Below are some records. Retype exactly the lines from the one containing "裏地・アジャスター付きプリー" through the one containing "Yubi Power Grounded", both included, skipping every picture.

(Saved data entries)
- Opening Delimiter -

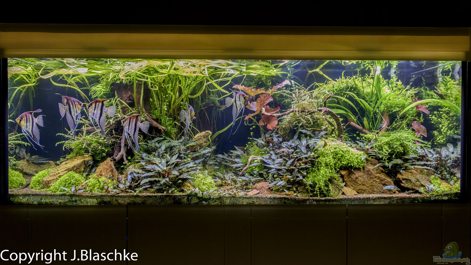 Sonderanfertigung der Firmen Aquariumbau Graf / Aquarium West München; Front- und Seitenscheiben in Wei??glas 15mm, Schwarzglasschacht hinten rechts (38 cm lang x 13 cm tief) mit - 4 Bohrungen für 2x Filterabläufe/-zuläufe, - 2 Bohrungen für Wasserüberlauf, Alu-Rahmen-Unterbau; Verkleidung des Unterbaus mit wei?? lackiertem Glas; Zeitgesteuerter Zulauf von Roh- und Osmosewasser (Durchlaufbecken),
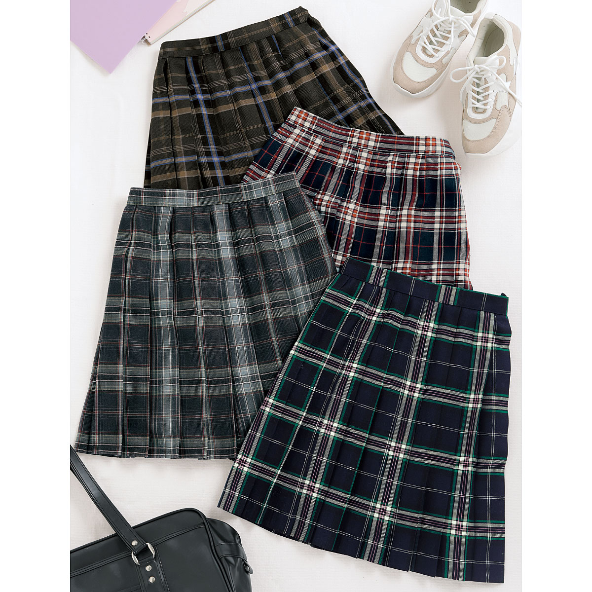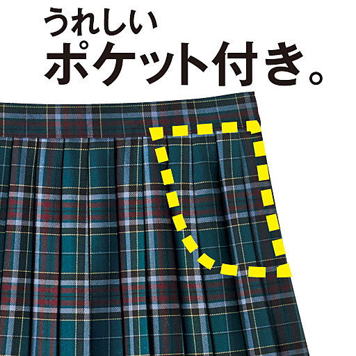 裏地・アジャスター付きプリーツスカート(日本製・チェック柄)(防しわ)(スクール・制服)
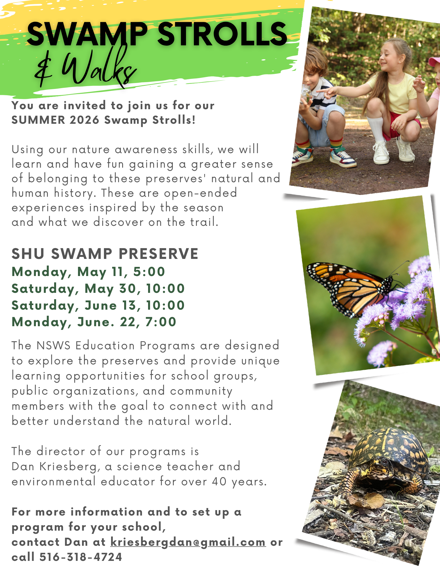 Come visit the NSWS table at the Cold Spring Harbor Library Environmental Fair (2-4pm). There will be information regarding NSWS and its history, the status of the preserves, opportunities to participate in Volunteer Day projects, and future events such as lectures and guided walks. There will be many other conservation and environmental groups attending this fair (https://coldspringharbor.librarycalendar.com/event/environmental-fair)
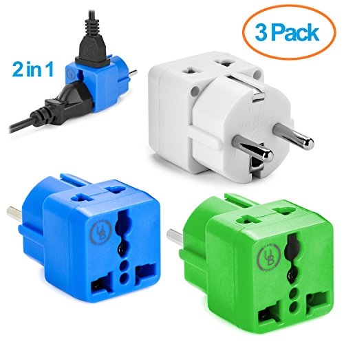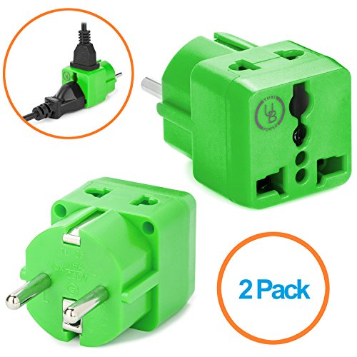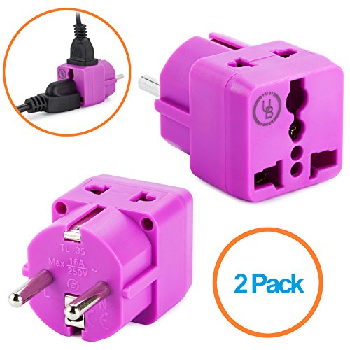 Yubi Power Grounded 2 in 1 Schuko Plug Adapter Type E/f for France, Germany, Europe, Spain, Turkey, Portugal, Poland, Austria, Belgium, the Netherlands, Sweden, Norway and South Korea / with Two Universal Plug in Ports /Grounded - Ce Certified - Rohs
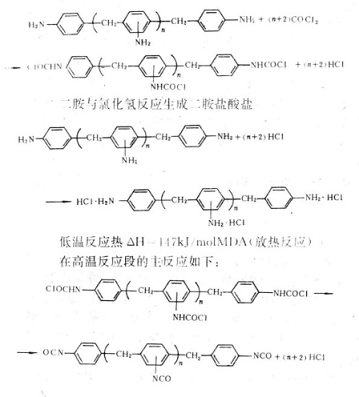 the principle and process of phosgenation of amine compounds have been described in the previous section. here are just examples. the phosgenation of diphenylmethanediamine is divided into two steps: low-temperature reaction and high-temperature reaction. the main reactions in the low-temperature reaction section are as follows.

- Closing Delimiter -

• _RESULT FOR THIS EXERCISE_:
 裏地・アジャスター付きプリーツスカート(日本製・チェック柄)(防しわ)(スクール・制服)
 Come visit the NSWS table at the Cold Spring Harbor Library Environmental Fair (2-4pm). There will be information regarding NSWS and its history, the status of the preserves, opportunities to participate in Volunteer Day projects, and future events such as lectures and guided walks. There will be many other conservation and environmental groups attending this fair (https://coldspringharbor.librarycalendar.com/event/environmental-fair)
 Yubi Power Grounded 2 in 1 Schuko Plug Adapter Type E/f for France, Germany, Europe, Spain, Turkey, Portugal, Poland, Austria, Belgium, the Netherlands, Sweden, Norway and South Korea / with Two Universal Plug in Ports /Grounded - Ce Certified - Rohs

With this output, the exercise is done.